- Problem description
With the pictures omitted, repeat exactly the lines below starting with the line that has "EXCELLENT QUALITY: Features" and going on through the line that has "Bellanti Gisella/Como badmeubel".

- Collected data
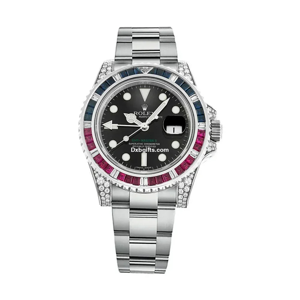 The Rlx Oyster bracelet, also crafted in white gold, provides comfort and security with its Oysterlock folding clasp. The diamond-set bezel elevates this Gtm II, making it not only a functional timepiece but a true statement of luxury.
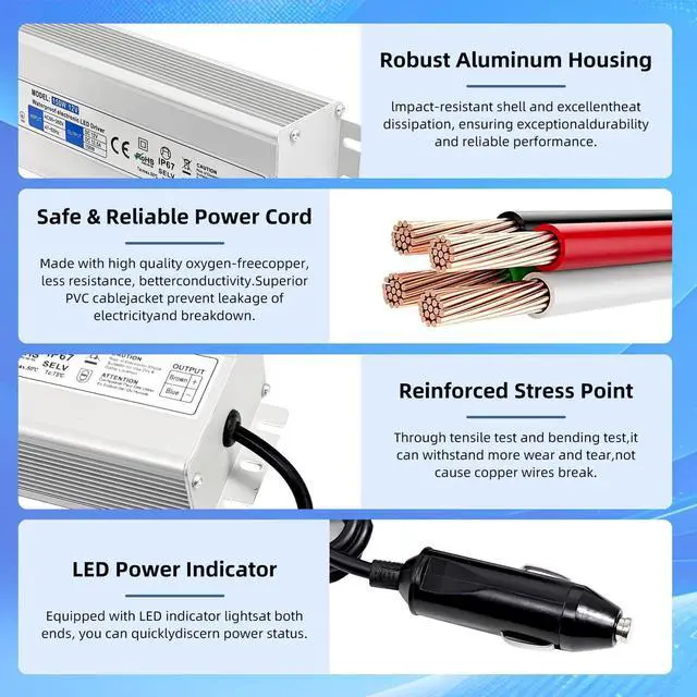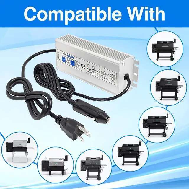 EXCELLENT QUALITY: Features waterproof construction to safely power your grill in outdoor conditions; Our power cord is made of high quality PVC material, flexible and wear-resistant, durable. ^^ Multiple safety features are incorporated into the device, including overload, over voltage, over temperature, and short-circuit protection. The sturdy aluminum alloy enclosure with excellent heat dissipation capabilities, effectively prevents overheating.
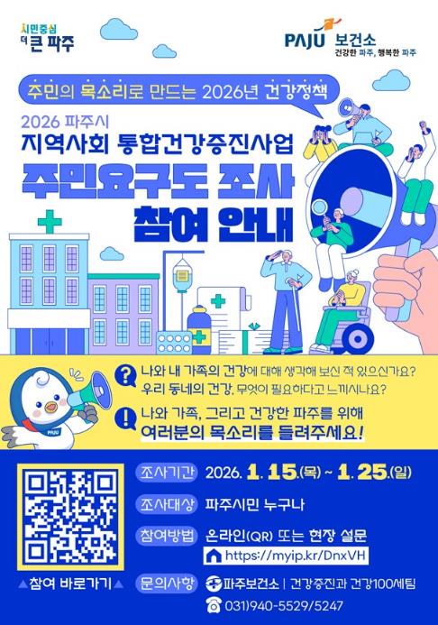 [메이저뉴스]파주시는 시민의 건강한 삶을 지원하기 위해 '2026년 지역사회 통합건강증진사업’추진에 앞서 주민건강요구도 조사를 실시한다.
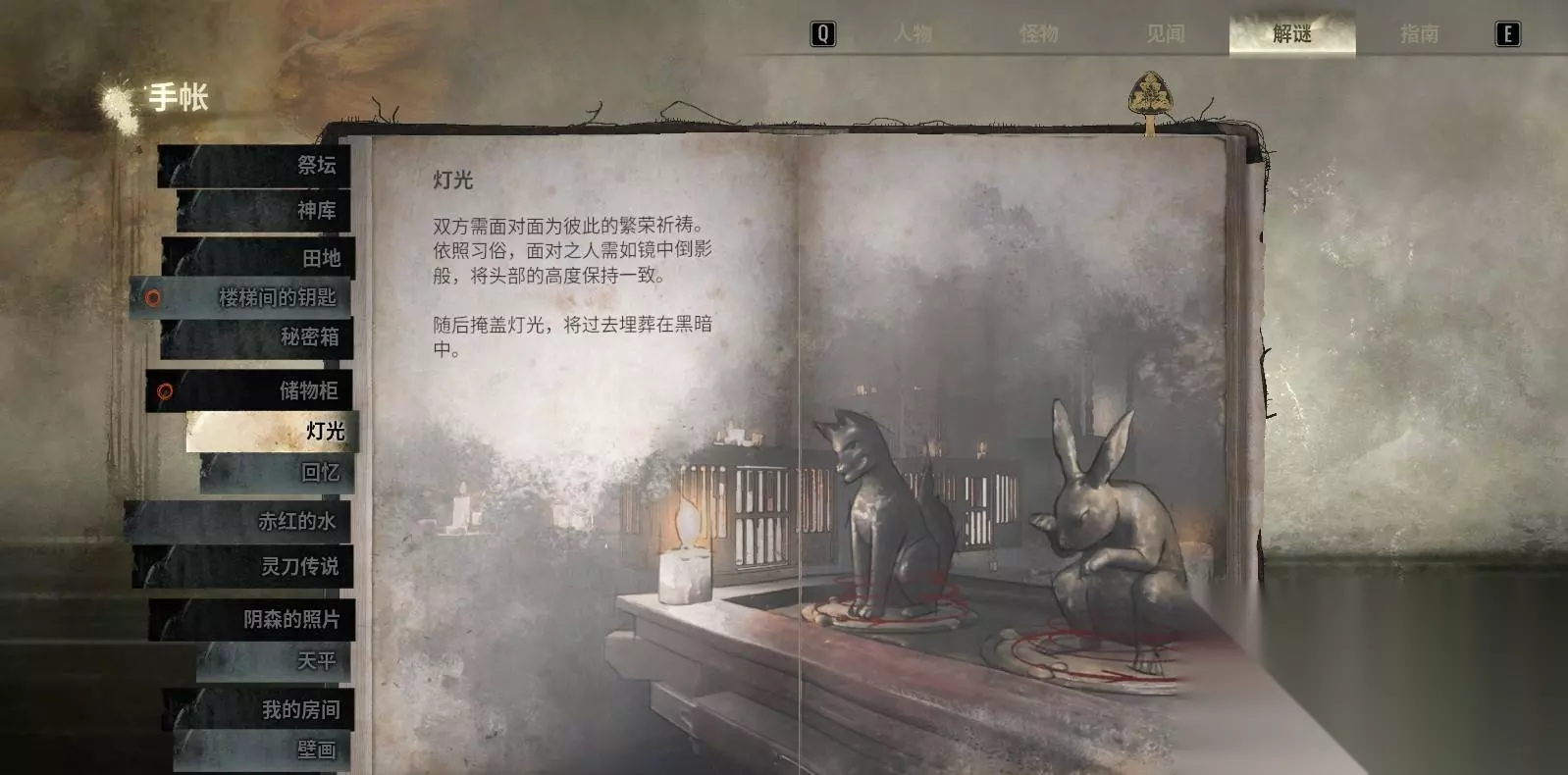 四、拜殿区域谜题(灯光 + 回忆收集) 拜殿围绕两类玩法:雕像朝向的灯光解锁与回忆(道具)收集。 前者是传统拼装/朝向谜题,后者是收集放置型。 4.1 灯光谜题:雕像朝向与灯罩获取 两个平台(左右各一个)上各有一对兔子/狐狸雕像。通过旋转雕像使笼子保持水平,从笼中取出灯罩,最终合成钥匙。
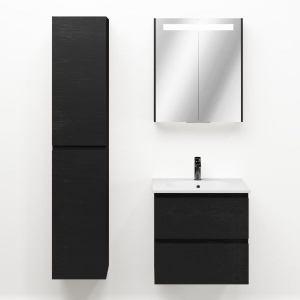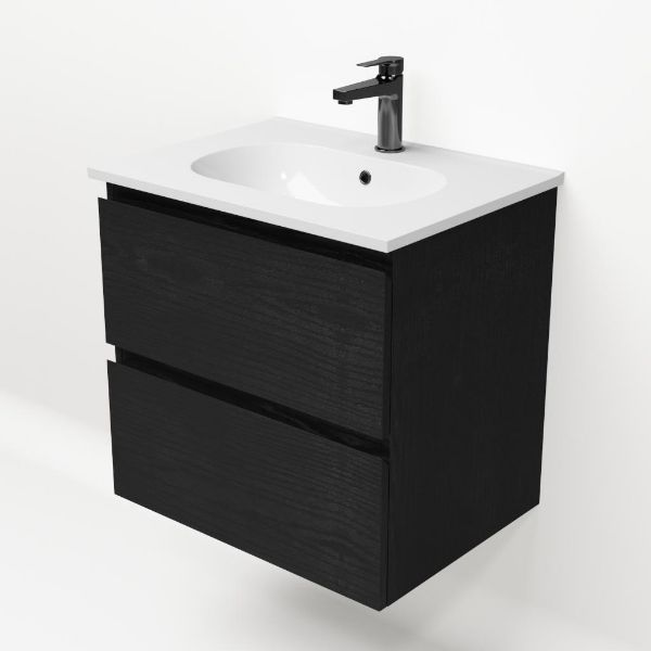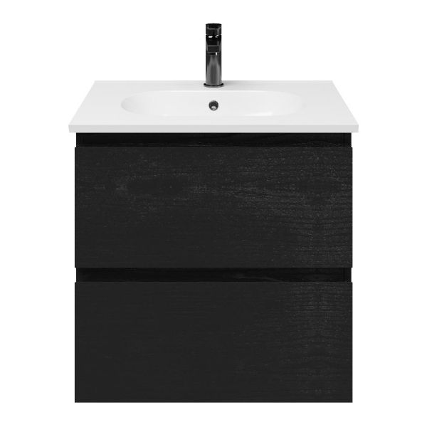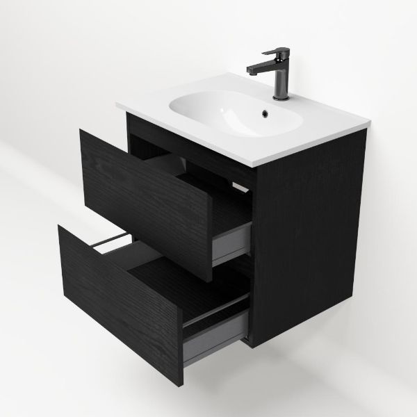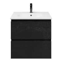 Bellanti Gisella/Como badmeubel 60x46 2 softclose laden zwart mat eiken greeploos keramische wastafel wit met 1 kraangat
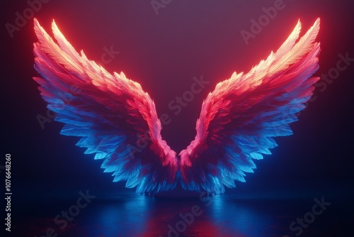 Vibrant glowing wings illuminated in blue and pink hues against a dark background
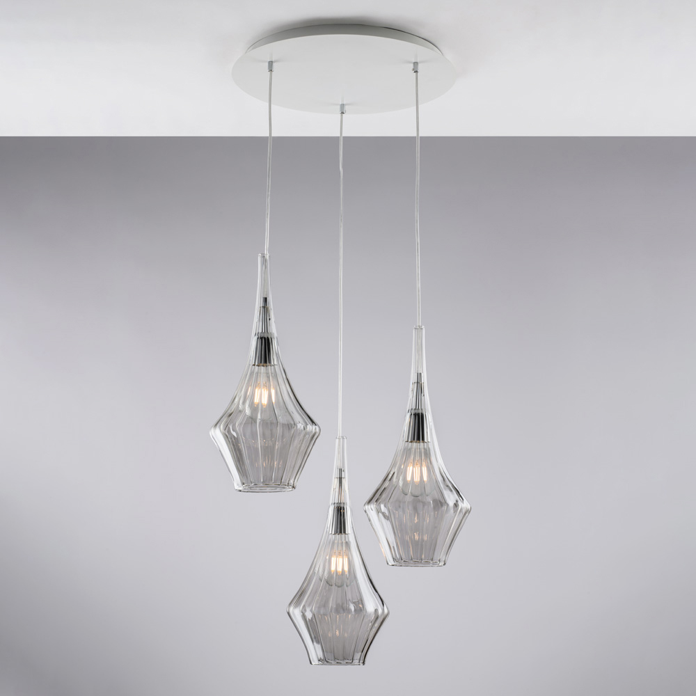 Disponível nos acabamentos transparente , âmbar ou cinza , este pendente permite personalizar a atmosfera do seu espaço: luminoso e arejado na versão transparente, acolhedor e envolvente na âmbar, moderno e elegante na cinza. É ideal para salas de estar , salas de jantar , ilhas de cozinha , espaços abertos e ambientes corporativos de design .
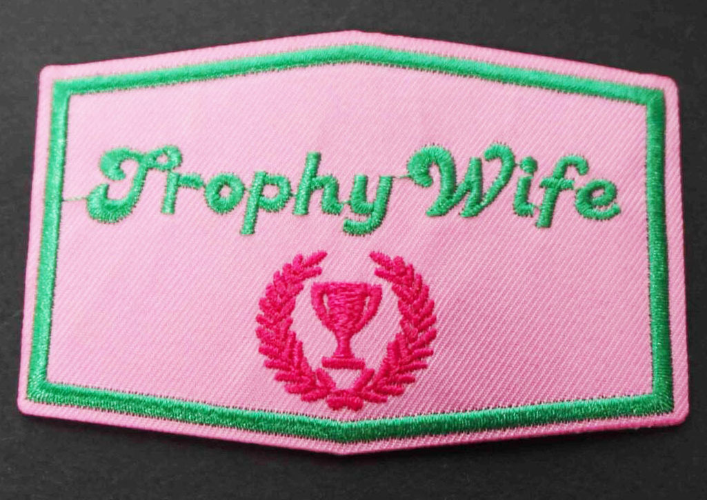 『Trophy Wife トロフィーワイフ  年上富豪男性&年下美女 皮肉 ユーモア』刺繍ワッペン(パッチ)

- Reply
 EXCELLENT QUALITY: Features waterproof construction to safely power your grill in outdoor conditions; Our power cord is made of high quality PVC material, flexible and wear-resistant, durable. ^^ Multiple safety features are incorporated into the device, including overload, over voltage, over temperature, and short-circuit protection. The sturdy aluminum alloy enclosure with excellent heat dissipation capabilities, effectively prevents overheating.
 [메이저뉴스]파주시는 시민의 건강한 삶을 지원하기 위해 '2026년 지역사회 통합건강증진사업’추진에 앞서 주민건강요구도 조사를 실시한다.
 四、拜殿区域谜题(灯光 + 回忆收集) 拜殿围绕两类玩法:雕像朝向的灯光解锁与回忆(道具)收集。 前者是传统拼装/朝向谜题,后者是收集放置型。 4.1 灯光谜题:雕像朝向与灯罩获取 两个平台(左右各一个)上各有一对兔子/狐狸雕像。通过旋转雕像使笼子保持水平,从笼中取出灯罩,最终合成钥匙。
 Bellanti Gisella/Como badmeubel 60x46 2 softclose laden zwart mat eiken greeploos keramische wastafel wit met 1 kraangat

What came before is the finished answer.